--- RAW DATA Enclosed Below ---

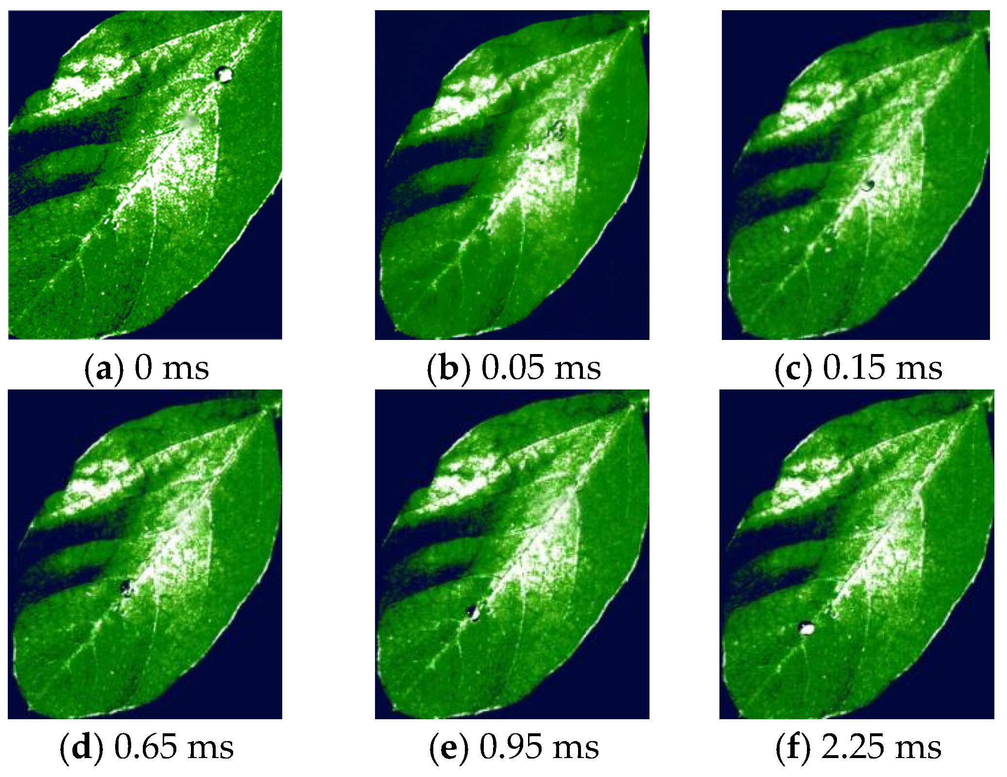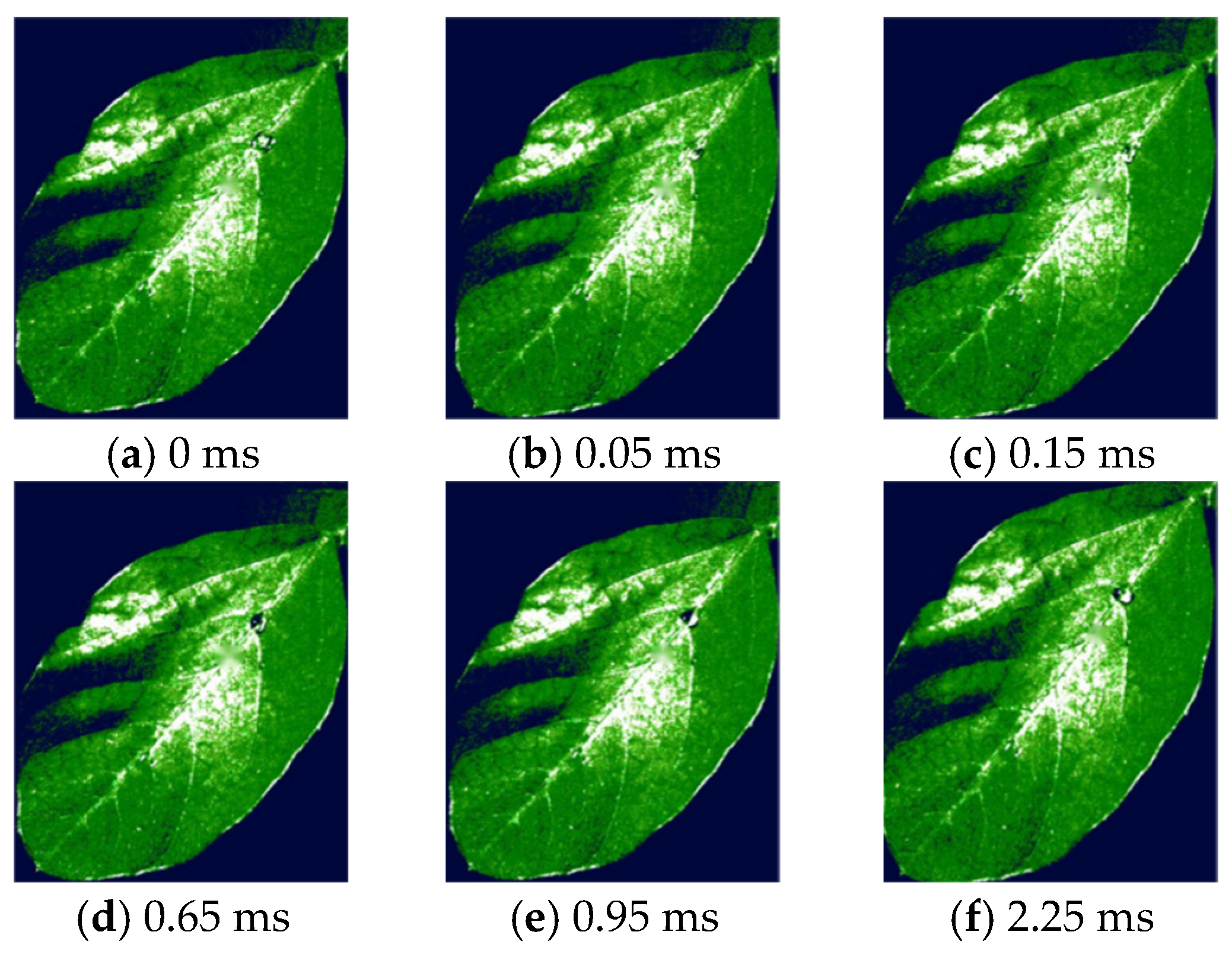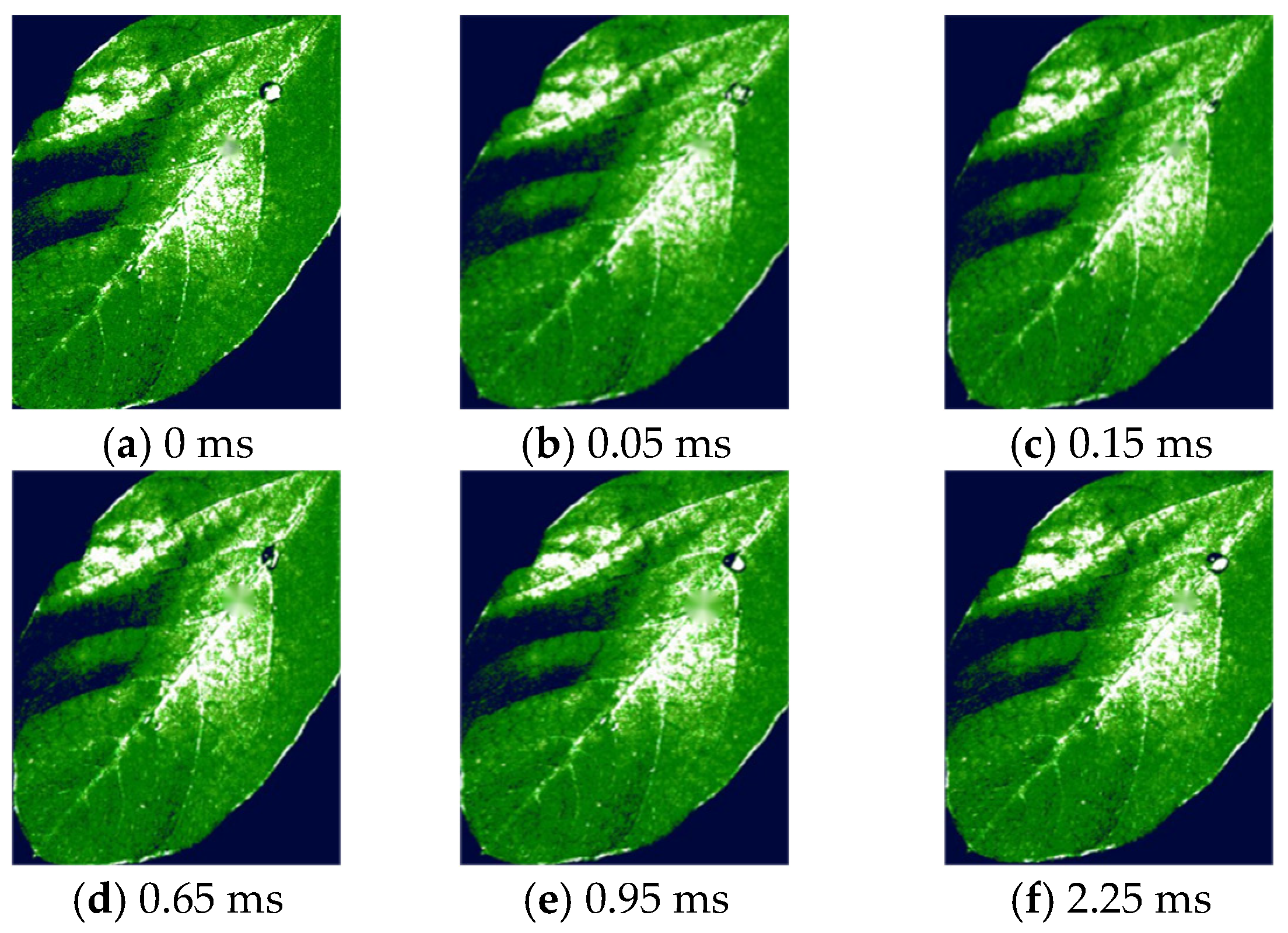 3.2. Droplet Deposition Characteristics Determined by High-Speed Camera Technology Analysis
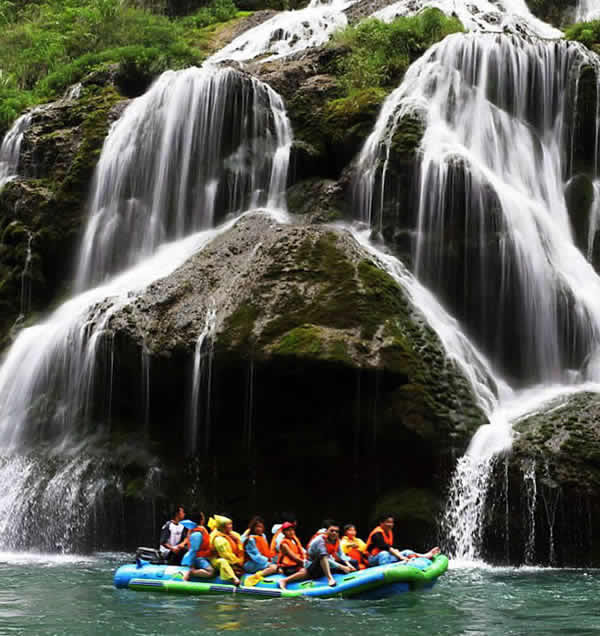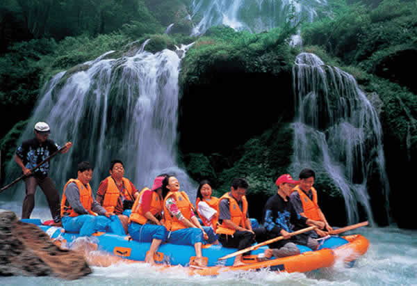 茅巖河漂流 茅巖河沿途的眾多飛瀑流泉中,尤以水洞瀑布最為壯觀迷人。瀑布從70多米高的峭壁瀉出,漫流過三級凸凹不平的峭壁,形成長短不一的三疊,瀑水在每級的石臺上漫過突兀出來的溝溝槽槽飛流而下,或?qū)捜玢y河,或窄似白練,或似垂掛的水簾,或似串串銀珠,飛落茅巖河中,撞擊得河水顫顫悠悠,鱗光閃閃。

--- End of Enclosed RAW DATA ---
--- RAW DATA Enclosed Below ---

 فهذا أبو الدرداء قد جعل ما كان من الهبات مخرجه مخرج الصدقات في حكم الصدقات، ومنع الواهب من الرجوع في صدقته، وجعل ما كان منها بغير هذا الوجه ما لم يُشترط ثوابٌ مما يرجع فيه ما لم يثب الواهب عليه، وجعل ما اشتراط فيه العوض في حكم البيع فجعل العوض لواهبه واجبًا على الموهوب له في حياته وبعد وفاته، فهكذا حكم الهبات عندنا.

--- End of Enclosed RAW DATA ---

I'd like the lines above repeated exactly, from the one that contains "3.2. Droplet Deposition" through the one that contains "茅巖河漂流 茅巖河沿途的眾多", with no pictures.

◆ OUTPUT BELOW
 3.2. Droplet Deposition Characteristics Determined by High-Speed Camera Technology Analysis
 茅巖河漂流 茅巖河沿途的眾多飛瀑流泉中,尤以水洞瀑布最為壯觀迷人。瀑布從70多米高的峭壁瀉出,漫流過三級凸凹不平的峭壁,形成長短不一的三疊,瀑水在每級的石臺上漫過突兀出來的溝溝槽槽飛流而下,或?qū)捜玢y河,或窄似白練,或似垂掛的水簾,或似串串銀珠,飛落茅巖河中,撞擊得河水顫顫悠悠,鱗光閃閃。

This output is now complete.